**TASK GOAL**
Begin at the line below that has "Desperte seus dias". Stop after the line that has "ограничения по рассылке.", repeating each line exactly and leaving out the pictures.
___ EXERCISE MATERIAL ___
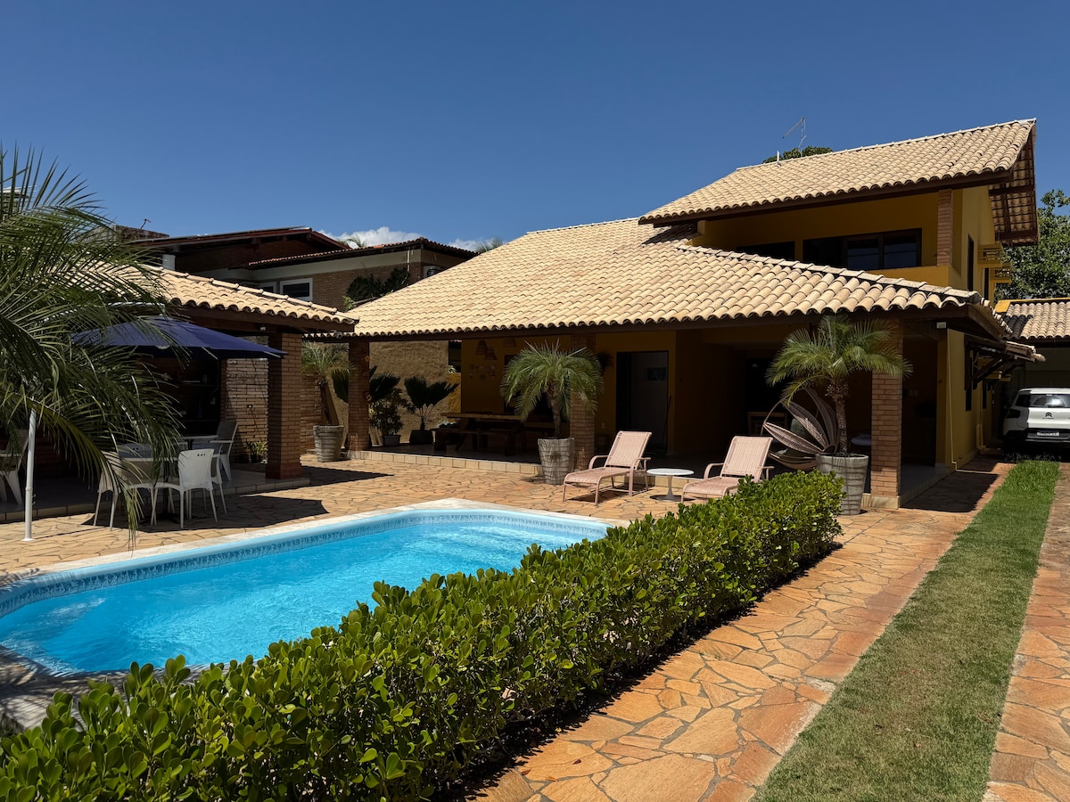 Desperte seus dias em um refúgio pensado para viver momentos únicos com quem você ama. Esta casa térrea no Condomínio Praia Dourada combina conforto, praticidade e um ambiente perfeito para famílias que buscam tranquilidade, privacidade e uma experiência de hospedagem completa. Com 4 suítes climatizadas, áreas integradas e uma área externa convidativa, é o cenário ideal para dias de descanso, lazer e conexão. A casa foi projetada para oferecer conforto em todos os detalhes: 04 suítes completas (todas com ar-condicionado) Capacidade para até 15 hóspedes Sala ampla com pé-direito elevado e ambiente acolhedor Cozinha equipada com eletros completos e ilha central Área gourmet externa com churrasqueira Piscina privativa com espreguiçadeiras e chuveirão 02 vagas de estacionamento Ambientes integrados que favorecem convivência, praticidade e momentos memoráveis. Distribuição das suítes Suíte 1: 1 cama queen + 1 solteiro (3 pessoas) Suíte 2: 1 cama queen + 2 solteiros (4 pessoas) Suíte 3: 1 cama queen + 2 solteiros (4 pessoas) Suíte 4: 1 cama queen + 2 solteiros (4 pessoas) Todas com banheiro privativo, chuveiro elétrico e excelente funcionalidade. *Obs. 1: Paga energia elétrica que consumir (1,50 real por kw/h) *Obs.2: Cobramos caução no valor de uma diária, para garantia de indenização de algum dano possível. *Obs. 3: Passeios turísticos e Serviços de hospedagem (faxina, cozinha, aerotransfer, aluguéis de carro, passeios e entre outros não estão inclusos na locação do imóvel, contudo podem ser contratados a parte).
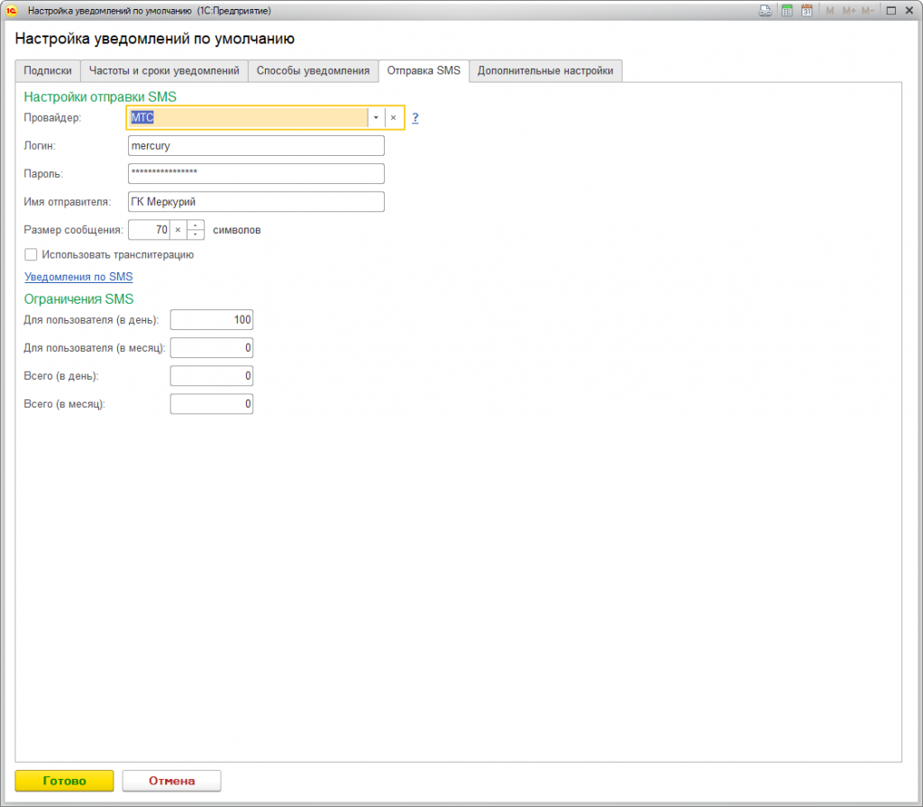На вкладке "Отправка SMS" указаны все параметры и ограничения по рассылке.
___
___ EXERCISE MATERIAL ___
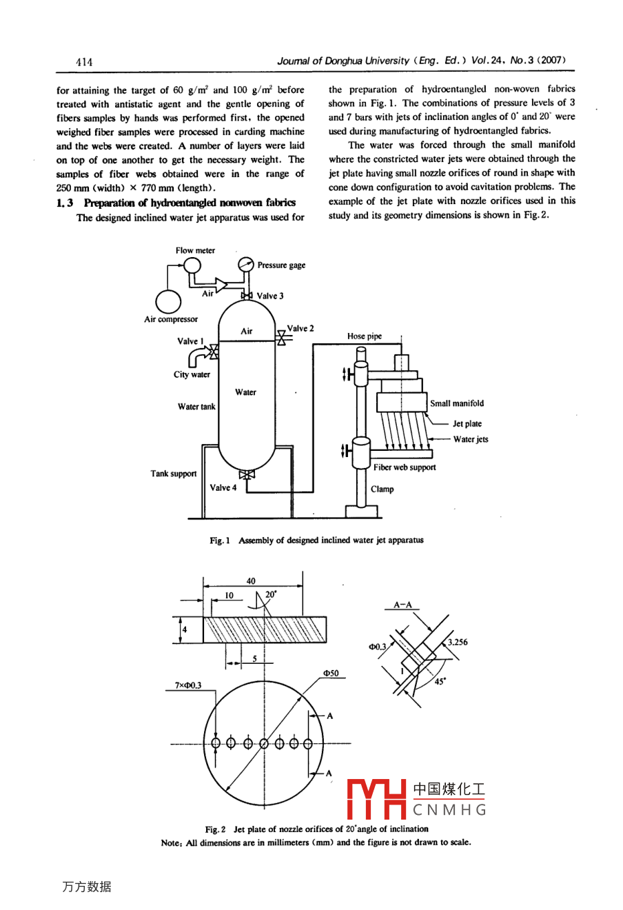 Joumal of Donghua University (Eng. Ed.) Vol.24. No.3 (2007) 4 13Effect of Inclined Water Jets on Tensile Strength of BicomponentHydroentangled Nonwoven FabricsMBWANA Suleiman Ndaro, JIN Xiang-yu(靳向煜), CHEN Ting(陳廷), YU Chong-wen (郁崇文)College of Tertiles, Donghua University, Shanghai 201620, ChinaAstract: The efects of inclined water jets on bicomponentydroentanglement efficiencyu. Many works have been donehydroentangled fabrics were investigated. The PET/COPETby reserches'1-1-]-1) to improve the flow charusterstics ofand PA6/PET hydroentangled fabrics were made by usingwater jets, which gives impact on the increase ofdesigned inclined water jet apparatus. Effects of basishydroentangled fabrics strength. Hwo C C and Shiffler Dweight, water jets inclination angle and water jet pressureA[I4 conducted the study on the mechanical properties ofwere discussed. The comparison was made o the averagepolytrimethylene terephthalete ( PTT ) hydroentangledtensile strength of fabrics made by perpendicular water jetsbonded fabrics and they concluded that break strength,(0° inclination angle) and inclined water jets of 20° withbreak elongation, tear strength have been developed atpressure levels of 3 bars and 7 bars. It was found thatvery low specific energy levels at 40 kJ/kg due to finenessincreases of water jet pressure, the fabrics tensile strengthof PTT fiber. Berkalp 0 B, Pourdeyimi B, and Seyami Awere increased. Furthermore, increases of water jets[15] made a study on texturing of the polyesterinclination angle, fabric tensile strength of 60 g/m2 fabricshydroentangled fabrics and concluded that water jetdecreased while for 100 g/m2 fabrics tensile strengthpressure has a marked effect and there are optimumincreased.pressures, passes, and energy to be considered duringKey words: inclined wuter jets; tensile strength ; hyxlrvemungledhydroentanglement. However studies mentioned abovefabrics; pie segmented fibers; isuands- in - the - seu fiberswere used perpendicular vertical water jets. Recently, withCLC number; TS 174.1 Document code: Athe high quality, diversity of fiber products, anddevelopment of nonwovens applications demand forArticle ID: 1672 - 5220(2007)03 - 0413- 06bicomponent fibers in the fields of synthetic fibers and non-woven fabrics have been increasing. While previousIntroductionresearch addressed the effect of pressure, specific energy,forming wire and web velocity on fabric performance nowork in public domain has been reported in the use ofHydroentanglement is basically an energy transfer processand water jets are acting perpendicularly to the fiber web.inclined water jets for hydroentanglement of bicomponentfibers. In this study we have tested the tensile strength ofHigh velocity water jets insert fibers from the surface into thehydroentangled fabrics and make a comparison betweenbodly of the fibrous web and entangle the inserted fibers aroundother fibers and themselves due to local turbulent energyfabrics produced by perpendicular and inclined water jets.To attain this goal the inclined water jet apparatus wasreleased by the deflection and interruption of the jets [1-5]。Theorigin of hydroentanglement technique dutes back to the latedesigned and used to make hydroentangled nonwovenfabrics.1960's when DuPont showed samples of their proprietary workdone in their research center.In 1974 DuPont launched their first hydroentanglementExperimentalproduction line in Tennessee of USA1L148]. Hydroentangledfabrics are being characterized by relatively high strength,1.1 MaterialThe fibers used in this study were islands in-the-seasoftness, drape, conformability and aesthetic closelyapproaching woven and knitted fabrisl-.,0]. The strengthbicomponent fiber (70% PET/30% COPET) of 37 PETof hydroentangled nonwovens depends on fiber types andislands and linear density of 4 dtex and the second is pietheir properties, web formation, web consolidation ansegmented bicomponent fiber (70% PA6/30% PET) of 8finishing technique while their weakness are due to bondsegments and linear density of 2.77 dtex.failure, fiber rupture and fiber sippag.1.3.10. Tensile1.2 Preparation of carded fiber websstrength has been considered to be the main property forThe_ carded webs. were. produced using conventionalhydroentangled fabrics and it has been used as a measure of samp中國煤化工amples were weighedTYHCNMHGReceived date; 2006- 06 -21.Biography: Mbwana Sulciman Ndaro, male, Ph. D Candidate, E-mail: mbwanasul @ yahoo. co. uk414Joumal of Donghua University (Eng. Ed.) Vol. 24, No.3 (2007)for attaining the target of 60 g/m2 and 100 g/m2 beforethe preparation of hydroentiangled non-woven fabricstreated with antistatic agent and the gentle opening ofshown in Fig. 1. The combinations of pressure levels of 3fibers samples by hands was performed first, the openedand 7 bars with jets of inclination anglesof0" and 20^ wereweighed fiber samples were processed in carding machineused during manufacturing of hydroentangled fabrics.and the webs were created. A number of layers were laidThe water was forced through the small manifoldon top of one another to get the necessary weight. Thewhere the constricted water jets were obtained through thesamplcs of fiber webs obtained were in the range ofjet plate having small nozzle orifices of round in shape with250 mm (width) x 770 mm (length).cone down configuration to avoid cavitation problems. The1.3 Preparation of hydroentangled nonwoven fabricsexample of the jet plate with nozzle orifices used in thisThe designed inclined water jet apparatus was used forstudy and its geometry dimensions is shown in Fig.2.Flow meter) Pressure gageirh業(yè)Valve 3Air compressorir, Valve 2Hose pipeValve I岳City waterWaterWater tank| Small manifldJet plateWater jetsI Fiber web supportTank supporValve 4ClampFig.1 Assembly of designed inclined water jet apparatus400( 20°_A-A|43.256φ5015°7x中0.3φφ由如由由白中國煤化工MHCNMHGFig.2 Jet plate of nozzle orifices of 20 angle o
___
**SOLUTION**
 Desperte seus dias em um refúgio pensado para viver momentos únicos com quem você ama. Esta casa térrea no Condomínio Praia Dourada combina conforto, praticidade e um ambiente perfeito para famílias que buscam tranquilidade, privacidade e uma experiência de hospedagem completa. Com 4 suítes climatizadas, áreas integradas e uma área externa convidativa, é o cenário ideal para dias de descanso, lazer e conexão. A casa foi projetada para oferecer conforto em todos os detalhes: 04 suítes completas (todas com ar-condicionado) Capacidade para até 15 hóspedes Sala ampla com pé-direito elevado e ambiente acolhedor Cozinha equipada com eletros completos e ilha central Área gourmet externa com churrasqueira Piscina privativa com espreguiçadeiras e chuveirão 02 vagas de estacionamento Ambientes integrados que favorecem convivência, praticidade e momentos memoráveis. Distribuição das suítes Suíte 1: 1 cama queen + 1 solteiro (3 pessoas) Suíte 2: 1 cama queen + 2 solteiros (4 pessoas) Suíte 3: 1 cama queen + 2 solteiros (4 pessoas) Suíte 4: 1 cama queen + 2 solteiros (4 pessoas) Todas com banheiro privativo, chuveiro elétrico e excelente funcionalidade. *Obs. 1: Paga energia elétrica que consumir (1,50 real por kw/h) *Obs.2: Cobramos caução no valor de uma diária, para garantia de indenização de algum dano possível. *Obs. 3: Passeios turísticos e Serviços de hospedagem (faxina, cozinha, aerotransfer, aluguéis de carro, passeios e entre outros não estão inclusos na locação do imóvel, contudo podem ser contratados a parte).
На вкладке "Отправка SMS" указаны все параметры и ограничения по рассылке.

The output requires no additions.